Recent scholarship on evangelical Protestantism cautions against generalizations, given the variety of forms it takes. What evangelical Protestant groups hold in common, however, are two major tenets: the Bible is the authoritative guide for faith and life, and individual salvation comes through recognition of Jesus as savior. Most evangelical Christian groups do not use nature-based symbols or rituals in worship; religious practices generally do not reflect connections to the natural world. Protestants in general rarely speak of sacred spaces or connections to animals, especially in their spirit forms.

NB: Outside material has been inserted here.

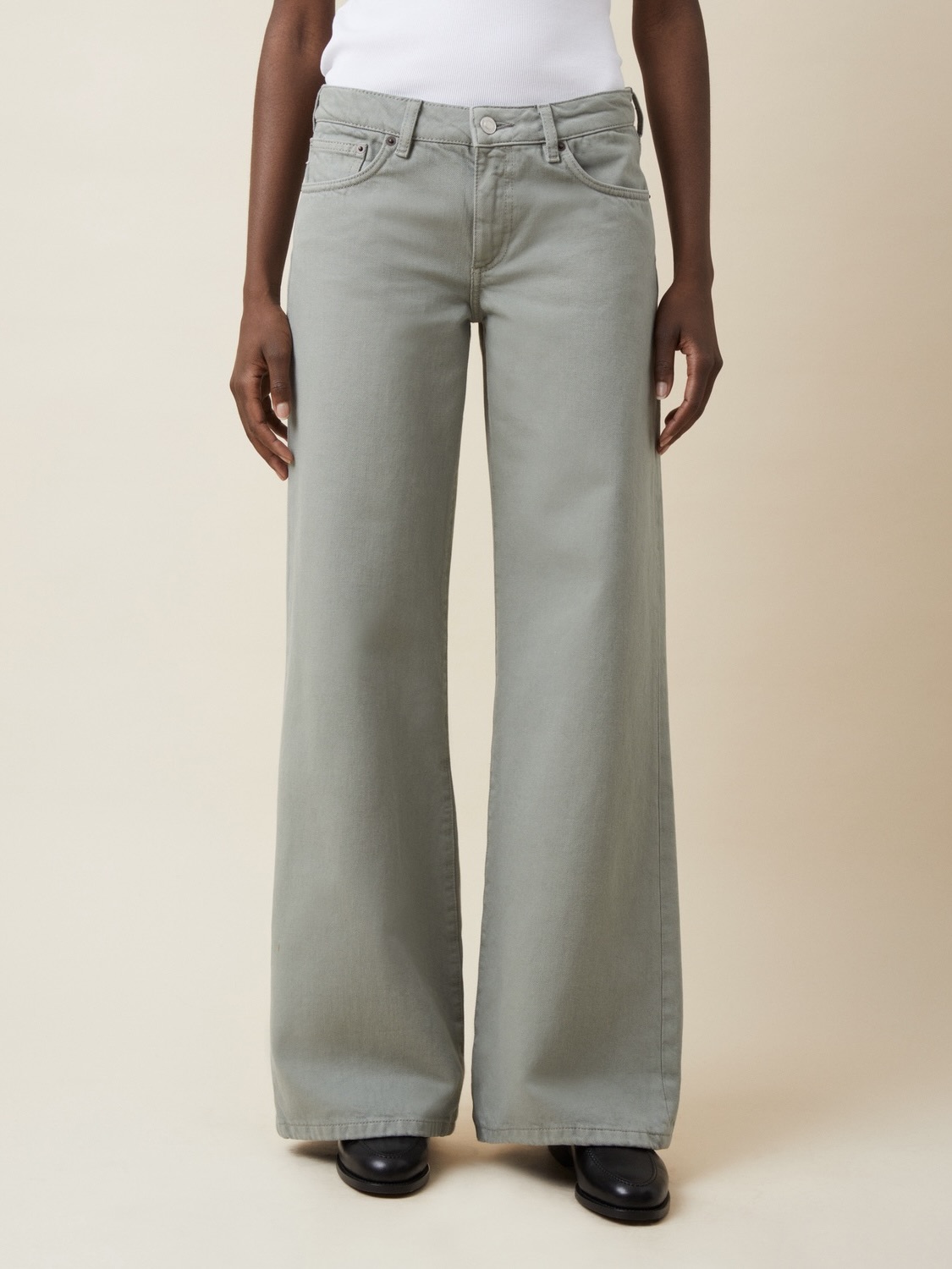 'Kyoto' er en uanstrengt kul, lav midje denim med en løs løs, utsvingt silhuett. Med glidelåsgylf, lav midje og et bredt ben fra låret som blir enda bredere i bunnen. Laget av 75 % resirkulert bomull og 25 % viskose, som gir en myk touch samtidig som den beholder en klassisk denimfølelse.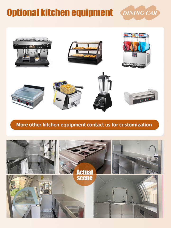 Fornello a bruciatore, Griglia piatta, Tavolo a vapore, Insalatiera, Friggitrice, Forno, Microonde, Spazio di preparazione, Tostapane, Polli da carne, Macchina Soft Serve, PiastraAttrezzatura da cucina

Latin America's Protestants are not uniformly politically conservative, as is often assumed. In Venezuela, for example, evangelical Protestants tended to support Hugo Chavez in elections.45 Emmanuel Baptist Church in San Salvador, El Salvador, consistently promotes an activist, leftist brand of evangelical Christianity. The Progressive Evangelical Movement of Bahia, Brazil, unites progressive evangelical activists in their struggles against racism and construction of an ethnoreligious identity. The activism is grounded in the two tenets of evangelical Protestantism; for Brazil's black progressive evangelicals “Jesus was a leftist,” and members “stress the scriptural basis for their progressive politics.”46 These examples, while demonstrating the diversity among evangelical groups, may be exceptions. Stephen Selka writes in the Brazilian case, “As progressive evangelicals'constant efforts to distinguish themselves politically from Pentecostals suggests, most evangelicals in Brazil are conservative.”47 Active Protestant involvement in environmental struggles, for example, is not characteristic.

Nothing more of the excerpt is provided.